*Task to carry out*
Starting at the line that contains "Features: Enjoy happiness: You" and stopping at the line that contains "Squeak and Fun: This", restate each line of the records below exactly. Omit the pictures.

[Records from a collection]

· · · ·

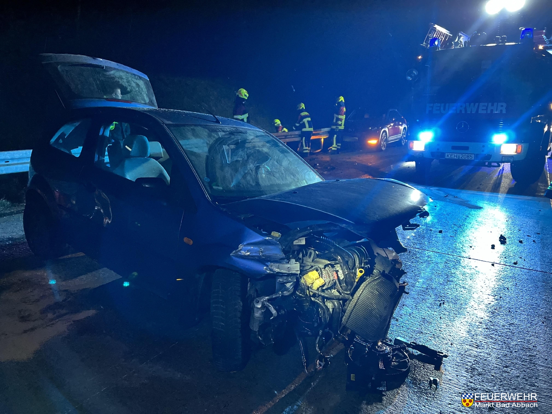 Zwei Pkw kollidierten miteinander, dabei kam ein Kleinwagen der Marke Ford ins Schleudern, touchierte im Frontbereich die Leitplanke und kam letztlich auf dem rechten Fahrstreifen zum Stehen.
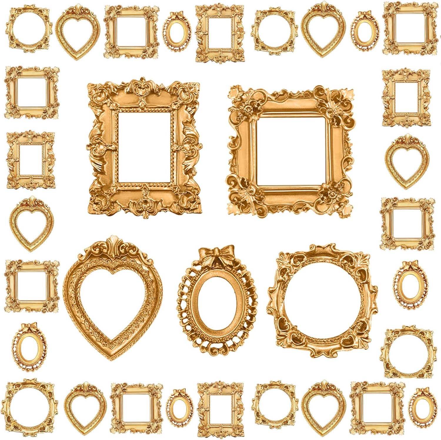 Features: Enjoy happiness: You can invite your family or friends to complete DIY projects with these small picture frames, to inspire creativity and exercise DIY skills, reduce the time you would spend on your mobile phone, enjoy the fun of crafting. Jewelry display: These vintage picture frames are novel in appearance and ornate in style, which can pair with your jewelry rings, necklaces, bracelets, earrings and so on to achieve a harmonious presenting. Specifications: Material: resin Color: gold Size: approx. 2.16 x 2.16 inches, 2.16 x 1.77 inches, 1.77 x 1.77 inches, 1.88 x 1.57 inches and 1.5 x 1.1 inches Package includes: 120 x Mini vintage picture frames Notes: Manual measurement, please allow slight errors on size. The color may exist a slight difference due to different screen displays.
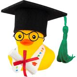 Squeak and Fun: This car rubber duck will squeak when you press it. These car ducks for the dashboard are equipped with a graduation stole, graduation hat, graduation certificate, nearsighted glasses, double-sided tape. They are designed to decorate the interior or exterior of your car.It can be used as a graduation prop.
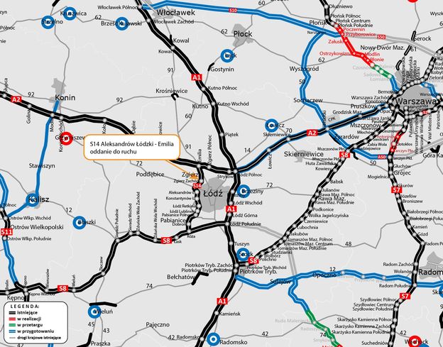 Тепер водії можуть користуватися повним кільцем навколо Лодзської агломерації, яке складається з ділянок автомагістралей A1 і A2 та швидкісних магістралей S8 і S14.
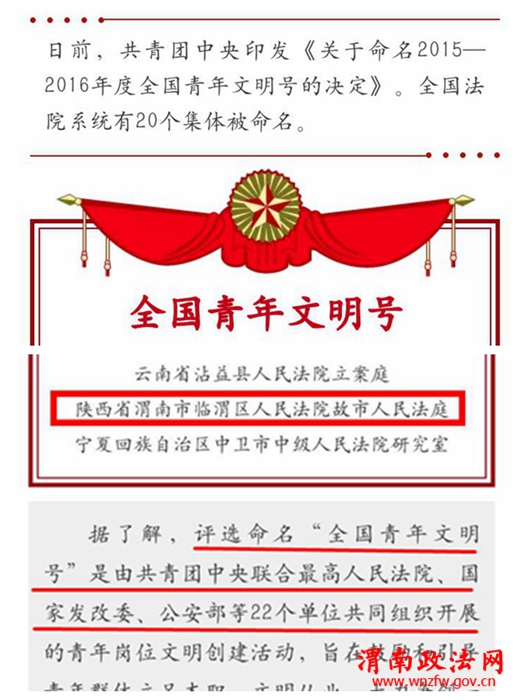 渭南政法网(特约通讯员 高增恩)2017年4月14日最高法院公布:共青团中央联合最高法院、国家发政委、公安部等22个单位共同组织开展的青年文明号创建活动评选结果《关于命名2015—2016年度全国青年文明号的决定》。全国法院系统有20个集体被命名,临渭区人民法院故市人民法庭作为全省法院唯一获得此项殊荣的单位榜上有名。同时这也是故市人民法庭继荣获“全国法院系统指导人民调解工作先进集体”和2013年荣获“全国法院先进集体”后的又一项国家级表彰奖励。

· · · ·

*Answer area*
 Features: Enjoy happiness: You can invite your family or friends to complete DIY projects with these small picture frames, to inspire creativity and exercise DIY skills, reduce the time you would spend on your mobile phone, enjoy the fun of crafting. Jewelry display: These vintage picture frames are novel in appearance and ornate in style, which can pair with your jewelry rings, necklaces, bracelets, earrings and so on to achieve a harmonious presenting. Specifications: Material: resin Color: gold Size: approx. 2.16 x 2.16 inches, 2.16 x 1.77 inches, 1.77 x 1.77 inches, 1.88 x 1.57 inches and 1.5 x 1.1 inches Package includes: 120 x Mini vintage picture frames Notes: Manual measurement, please allow slight errors on size. The color may exist a slight difference due to different screen displays.
 Squeak and Fun: This car rubber duck will squeak when you press it. These car ducks for the dashboard are equipped with a graduation stole, graduation hat, graduation certificate, nearsighted glasses, double-sided tape. They are designed to decorate the interior or exterior of your car.It can be used as a graduation prop.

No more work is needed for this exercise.